Your assignment: Retype the opening lines of the listing below, ending with the line that contains "Přívěsek ze zeleného", and leave out any pictures.

Dataset extract:
>>>>>

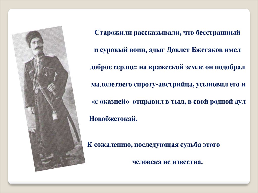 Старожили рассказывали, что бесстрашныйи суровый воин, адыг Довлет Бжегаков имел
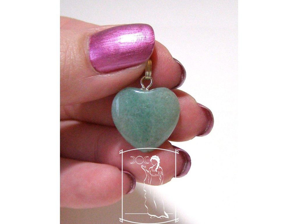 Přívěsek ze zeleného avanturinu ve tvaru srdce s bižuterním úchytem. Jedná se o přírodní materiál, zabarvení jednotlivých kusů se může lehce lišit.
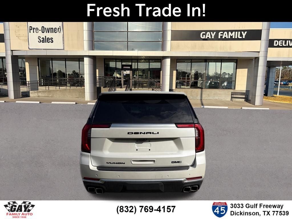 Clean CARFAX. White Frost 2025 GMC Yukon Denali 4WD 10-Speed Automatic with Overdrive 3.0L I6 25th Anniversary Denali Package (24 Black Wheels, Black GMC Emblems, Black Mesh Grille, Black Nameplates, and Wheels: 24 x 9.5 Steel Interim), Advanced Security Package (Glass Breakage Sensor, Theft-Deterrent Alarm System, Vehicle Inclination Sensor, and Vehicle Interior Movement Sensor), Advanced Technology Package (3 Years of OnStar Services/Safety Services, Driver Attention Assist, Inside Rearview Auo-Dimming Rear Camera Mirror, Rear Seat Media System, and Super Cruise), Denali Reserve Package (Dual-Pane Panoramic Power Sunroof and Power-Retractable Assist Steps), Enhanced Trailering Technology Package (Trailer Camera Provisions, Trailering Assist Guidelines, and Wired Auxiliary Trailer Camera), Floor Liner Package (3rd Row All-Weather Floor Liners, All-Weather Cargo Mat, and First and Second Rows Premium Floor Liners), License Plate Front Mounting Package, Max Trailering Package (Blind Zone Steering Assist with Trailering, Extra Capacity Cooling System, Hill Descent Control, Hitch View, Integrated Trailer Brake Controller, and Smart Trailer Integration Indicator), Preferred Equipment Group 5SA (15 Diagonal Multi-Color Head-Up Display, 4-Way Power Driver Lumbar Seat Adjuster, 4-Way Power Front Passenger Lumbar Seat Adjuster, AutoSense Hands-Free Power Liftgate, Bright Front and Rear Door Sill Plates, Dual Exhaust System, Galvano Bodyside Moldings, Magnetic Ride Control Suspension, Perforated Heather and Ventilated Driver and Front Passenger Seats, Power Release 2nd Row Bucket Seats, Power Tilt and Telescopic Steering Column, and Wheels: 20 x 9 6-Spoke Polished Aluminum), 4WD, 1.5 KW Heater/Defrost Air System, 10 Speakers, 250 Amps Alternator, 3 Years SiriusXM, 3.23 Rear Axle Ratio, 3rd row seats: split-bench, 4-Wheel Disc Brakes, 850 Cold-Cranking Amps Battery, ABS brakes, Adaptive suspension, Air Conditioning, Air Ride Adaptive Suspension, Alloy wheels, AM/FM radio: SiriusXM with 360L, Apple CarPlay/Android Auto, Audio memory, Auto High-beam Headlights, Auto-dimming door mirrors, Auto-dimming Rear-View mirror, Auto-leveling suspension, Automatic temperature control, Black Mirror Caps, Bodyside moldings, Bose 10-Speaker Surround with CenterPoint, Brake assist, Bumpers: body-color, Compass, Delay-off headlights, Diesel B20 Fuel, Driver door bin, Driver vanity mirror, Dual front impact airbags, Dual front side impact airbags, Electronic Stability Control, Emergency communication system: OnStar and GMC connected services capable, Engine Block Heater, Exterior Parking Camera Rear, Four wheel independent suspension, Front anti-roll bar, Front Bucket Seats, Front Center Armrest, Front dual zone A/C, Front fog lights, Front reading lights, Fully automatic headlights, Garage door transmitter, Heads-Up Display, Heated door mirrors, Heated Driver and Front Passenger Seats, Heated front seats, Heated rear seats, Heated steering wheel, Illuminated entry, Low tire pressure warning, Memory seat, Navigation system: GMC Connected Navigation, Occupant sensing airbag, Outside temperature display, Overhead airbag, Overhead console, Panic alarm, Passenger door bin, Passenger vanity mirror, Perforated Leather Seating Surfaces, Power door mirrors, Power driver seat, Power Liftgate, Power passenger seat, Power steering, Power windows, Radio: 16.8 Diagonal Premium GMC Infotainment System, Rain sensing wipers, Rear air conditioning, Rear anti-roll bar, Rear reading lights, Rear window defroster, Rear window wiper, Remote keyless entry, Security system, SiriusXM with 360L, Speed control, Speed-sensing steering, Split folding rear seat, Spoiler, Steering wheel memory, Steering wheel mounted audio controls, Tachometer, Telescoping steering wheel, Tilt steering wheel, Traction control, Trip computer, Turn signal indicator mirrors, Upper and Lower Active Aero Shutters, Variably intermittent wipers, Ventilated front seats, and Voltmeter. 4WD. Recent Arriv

<<<<<

Exercise result:
 Старожили рассказывали, что бесстрашныйи суровый воин, адыг Довлет Бжегаков имел
 Přívěsek ze zeleného avanturinu ve tvaru srdce s bižuterním úchytem. Jedná se o přírodní materiál, zabarvení jednotlivých kusů se může lehce lišit.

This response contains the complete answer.